A contract of guarantee is essentially a contract by which one person (the guarantor) agrees to answer for some liability of another (the principal debtor) to a third person (the creditor).
A person who has agreed to be a guarantor does not only undertake to perform the contract if the principal debtor fails to do so, but he undertakes to see that the principal debtor will perform.
The guarantor is normally liable to the same extent as the principal debtor for damages where the principal debtor fails to fulfil his obligation under the contract.
There are different types of contracts of guarantee.The most common kind of contract is that in which all three parties concerned are parties of the contract.
Here both the principal debtor and the creditor agree that the guarantor’s liability is a secondary liability only, and that the principal debtor is primarily liable for the obligations guaranteed. Whether a guarantee can be revoked depends on the nature of the contract.
If the guarantee is given in return for the promise of the lender that he will enter into the transaction with the principal debtor, then the guarantee will constitute a binding contract as soon as it is given and accepted.
The facts outlined in the email do not fully disclose the nature of the contract.
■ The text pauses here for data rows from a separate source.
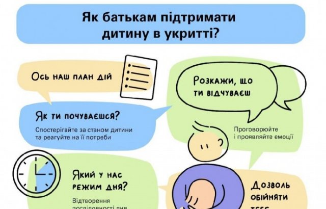 Є інструкція, що потрібно робити батькам в укритті для підтримки дітей.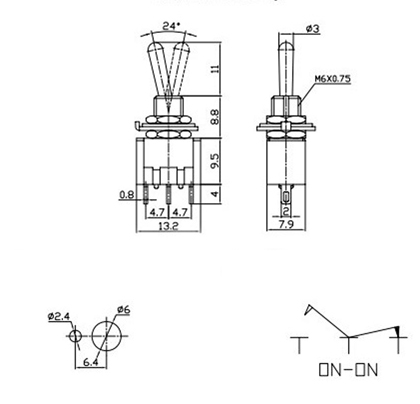 Тумблер MTS-102 является двухпозиционным. MTS-102 предназначен для коммутации цепей переменного тока напряжением до 250В с током не более 3А. Тумблер имеет 3 вывода в виде контактов, предназначенных под пайку.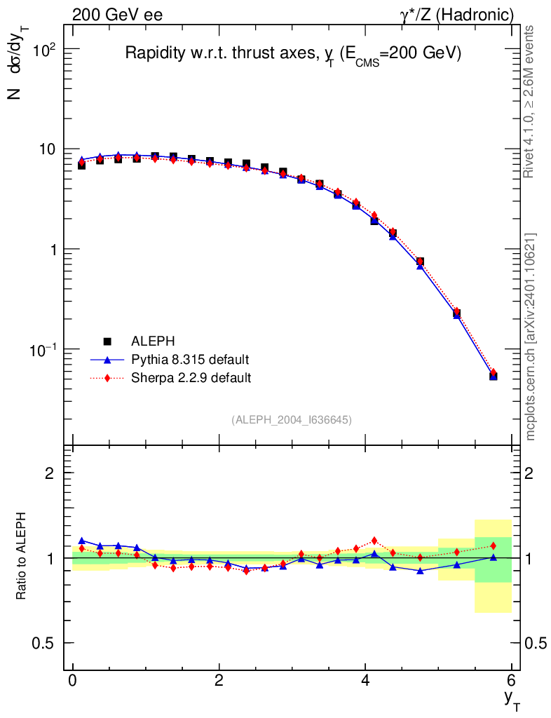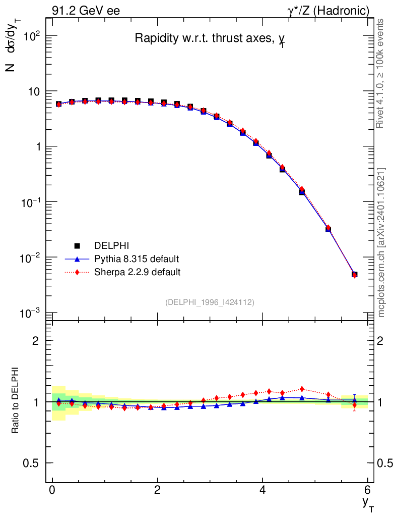 ee : γ*/Z (hadronic) : Charged Particles : Rapidity wrt Thrust axis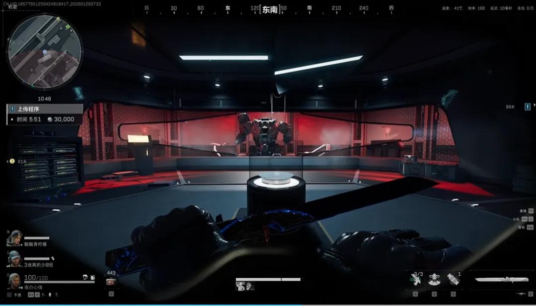 除了宏大的叙事演出外,《三角洲行动》也在航天基地中悄悄设置了与《逆战:未来》联动的彩蛋房,玩家需要潜入水下,躲过巨齿鲨的追击才能找到入口。进入之后,你能看到《逆战》标志性的机甲,并有机会获得联名大红。

However, if the terms of the guarantee permit revocation it will only relate to future disbursements.
It will also stipulate a period of notice that must be given before the guarantee can be revoked.
The bank has a duty of confidentiality to its debtor. However, since the guarantor is at risk he is entitled to know the amount of his risk.
The bank will usually disclose to the guarantor the extent of the debtor’s liability up to the limit of the guarantee.
As between the guarantor and the principal debtor, the guarantor is entitled to be indemnified where he has met the liability for which he is the guarantor.
Depending on the nature of the guarantee, the guarantor may be able to reduce his future liability, by serving a notice on the creditor determining the guarantee.
He will, however, remain at risk during the period of notice.
A contract of guarantee is a very special contract. You should always seek legal advice on the rights and obligations under such a contract before entering into the contract.
Another matter that sometimes arises under contracts of guarantee is the issue of variation.
At Common Law a variation of a creditor of his contract with the principal debtor may release the guarantor from liability, since the contract has been varied without the guarantor’s consent.
This result is, however, avoided by including a clause in the contract which provides that the guarantee will not be discharged if the principal debtor is given extra time for repayment of if there is some other variation of the terms of the repayment of the debt.
I would strongly advise that you seek legal advice on the terms of your contract.